A few weeks ago, tens of thousands of Netflix users were greeted with an unexpected screen message. “If you don’t live with the owner of this account,” it began, “you need your own account to keep watching.” It helpfully punctuated the notice with a Netflix sign-up button.
When I heard this, I knew exactly what was happening; Netflix was going to address password sharing.
Password sharing is ubiquitous at Netflix, with some estimating that as many as 25% of viewers are using someone else’s account. And for years Netflix has turned a blind eye toward it. This is no casual decision, since with more than 200,000,000 subscribers worldwide, each paying an average of $10 a month, Netflix is probably leaving billions of dollars on the table.
For years, and alone among the major streamers, Netflix made the choice that it would prefer to be the company that everyone watches, rather than the company that everyone pays for.
What is particularly surprising about this decision is not that Netflix has decided to chase down incremental revenue, but that it is violating a cultural principle that I put in place starting the day we shipped our first DVD by mail back in 1998:
“Always make it easier for most customers to be honest, rather than make it harder for some of them to be dishonest.”
Simply put, protecting yourself from the small subset of people who may choose to take advantage of you, simply makes it harder for the vast majority of people who are trustworthy. And since at heart, I believe that most people want to do the right thing, that strategy has always worked well for me.
My first job in Silicon Valley was with Borland International, a major (at the time – this was 1988) software company competing with Microsoft. I was brought in to run their direct sales, which at the time solely sold “upgrades” to existing owners. Sales were infinitesimal, and it didn’t take long to figure out why; Borland was making customers prove they were eligible, either by sending in one of their discs (yes, software came on discs back then) or a page from their manual (and yes, software was sold with a paper manual). Who was going to do that?

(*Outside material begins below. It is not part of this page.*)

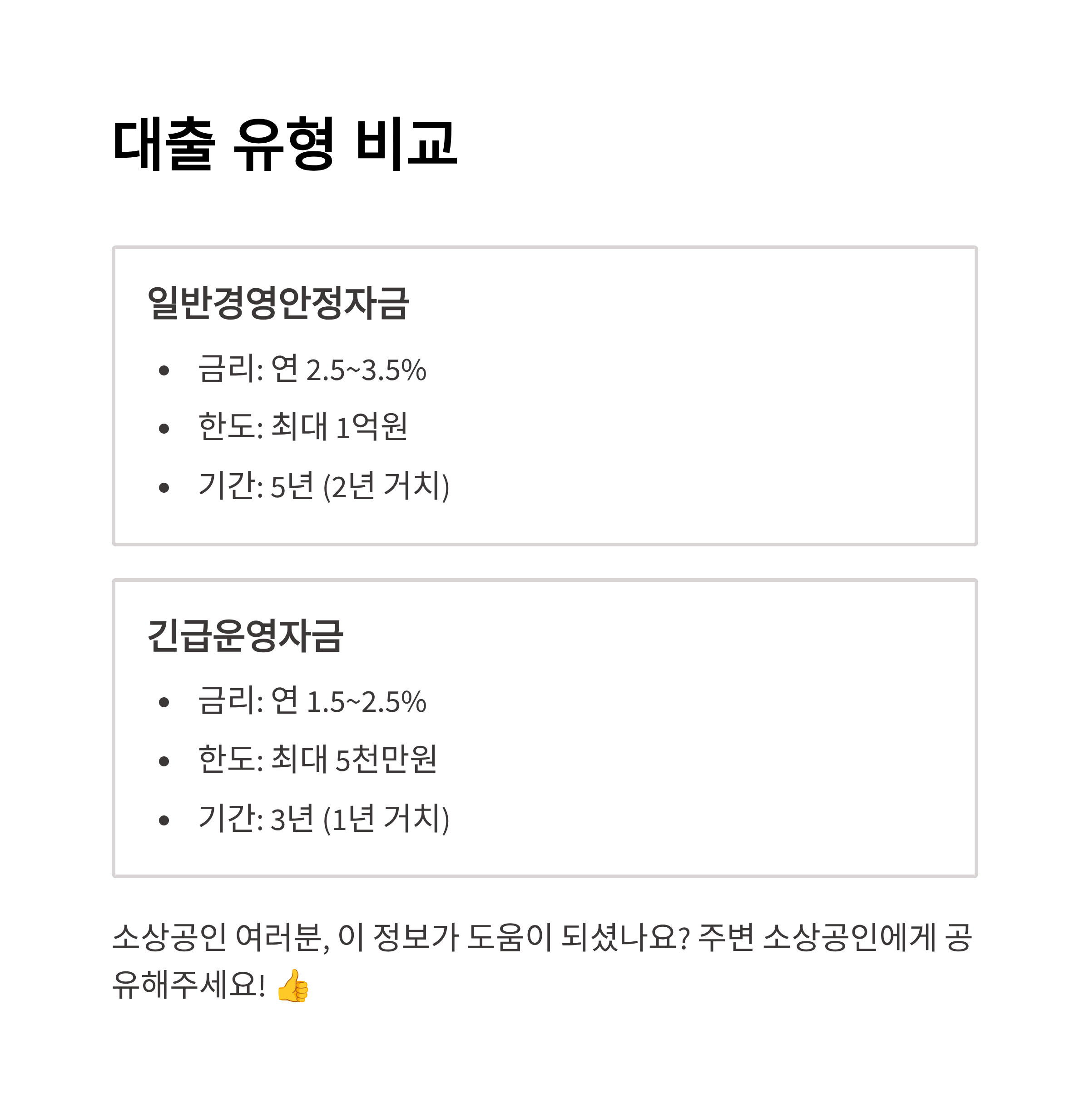 - 긴급 운영자금: 일시적 매출 감소 시 단기 자금 지원

It was such an unnecessary step. We had their registration information. We knew most people were eligible for the upgrade. This was being done with the misguided intention of preventing even a single person from scamming them. But by putting up a barrier to prevent the handful of dishonest people from scamming them, they were forcing the much greater number of honest customers to climb over that barrier as well. Within months of putting in place a trust-based approach, the number of scams probably did go up a bit, but the number of honest customers upgrading their software went up a thousandfold, and within just a few years Borland became one of the largest direct sellers of software in the world.
But I wasn’t the only one believing in trusting customers. In 1997, my Netflix co-founder Reed Hastings and I found ourselves pitching our Series A to Benchmark Capital. I have no recollection of how the pitch went, but I’ll never forget standing in the lobby afterward, hearing Bob Kagle tell us about this $7mm investment he had just made in a company called eBay, that “get this …” he said, “actually trusts that strangers – total strangers – will ship out the products they have been paid in advance for”.

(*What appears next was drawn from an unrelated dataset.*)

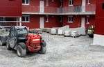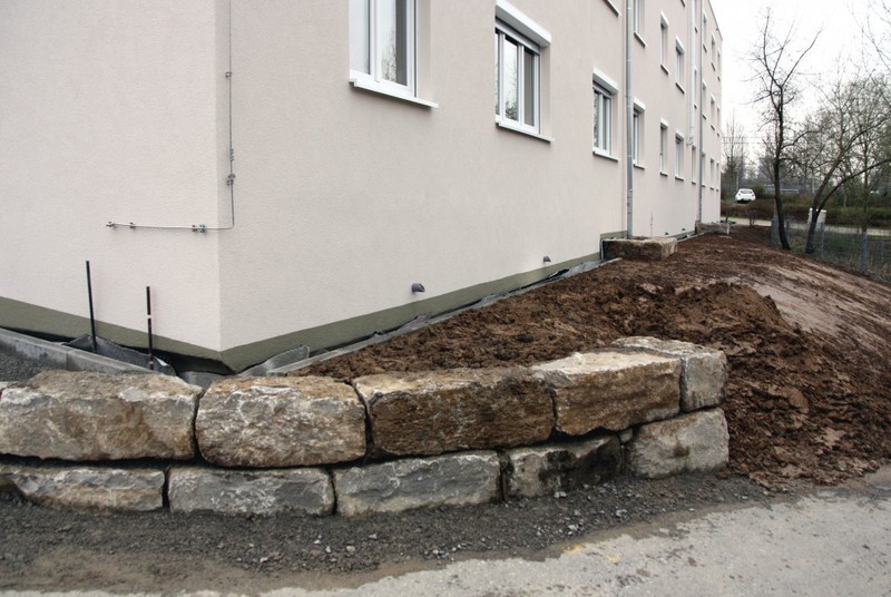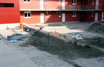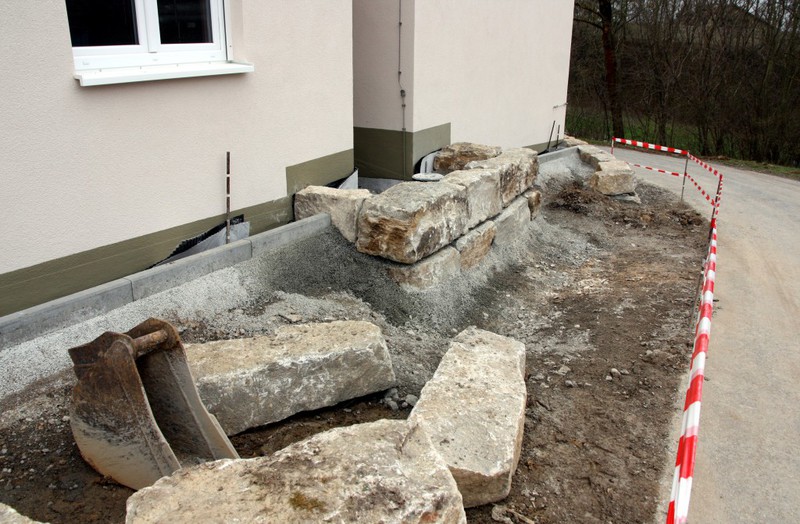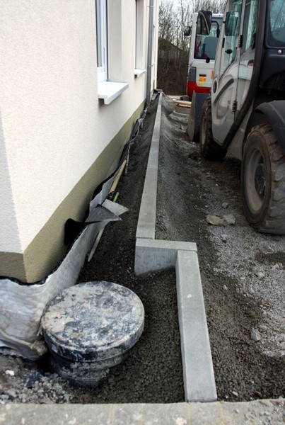 Das Haus ist an die Versorgungsleitungen angeschlossen. Jetzt wird der Innenhof hergerichtet. Erste Erdbewegungen haben bereits stattgefunden.

(And for what it’s worth, that investment, in a tiny company that trusted its customers, ended up being worth more than 5 billion dollars and is sometimes referred to as the best venture investment in Silicon Valley history).
There’s a long list of companies that have found tremendous success in believing in the goodness of people. See if you recognize either of these crazy ideas:
– Let a stranger – who you’ve never met – stay in your spare bedroom. And conversely, trust that when you show up in a location far from home, the room that you’re renting from another stranger will be safe, comfortable, and exactly as described.
– Let a stranger – who you’ve never met – pick you up in their car and drive you somewhere. And conversely, trust that the person you let into your car for a ride wants nothing more than to get taken safely to their destination.
Even Netflix, which started out shipping DVDs, relied on trust for years. Shipping hundreds of thousands of DVDs back and forth, it was inevitable that some were going to be lost in transit. So when a customer called to report that a disc hadn’t arrived, we didn’t try to figure out if they were scamming us – we just shipped a new one. Did that mean that some people took advantage of us, kept the disc, and reported it lost? Or course. But the vast majority of our customers – the honest ones – were delighted that we made it so easy for them.
Netflix still bases its HR practices on a version of this trust. They trust employees to decide for themselves when and how much vacation to take. They trust them to spend whatever is needed without pre-approval, or to travel in whatever manner is appropriate without travel guidelines. Rather than protecting itself from the few employees who might take advantage of the company, why not just make it easier to get things done for the ones who won’t.
Password sharing is another version of the same thing, something Reed Hastings clearly recognized when, in an analysts’ call in 2016, he said password sharing was “something you have to learn to live with, because there’s so much legitimate sharing go on.”
Some have described the current home-screen message as just a “warning shot”, and I hope that is the case. Netflix shouldn’t let themselves be drawn into erecting barriers against fraud that will end up inconveniencing all the rest of us who want to deal honestly with them. It’s hard enough to navigate the UIs of streaming services, without also having to deal with two-factor authentication or whatever convoluted mechanism they ultimately come up with.
And if Apple and Amazon can give away virtually 100% of their subscriptions for free – then Netflix can certainly afford to give away a quarter of them.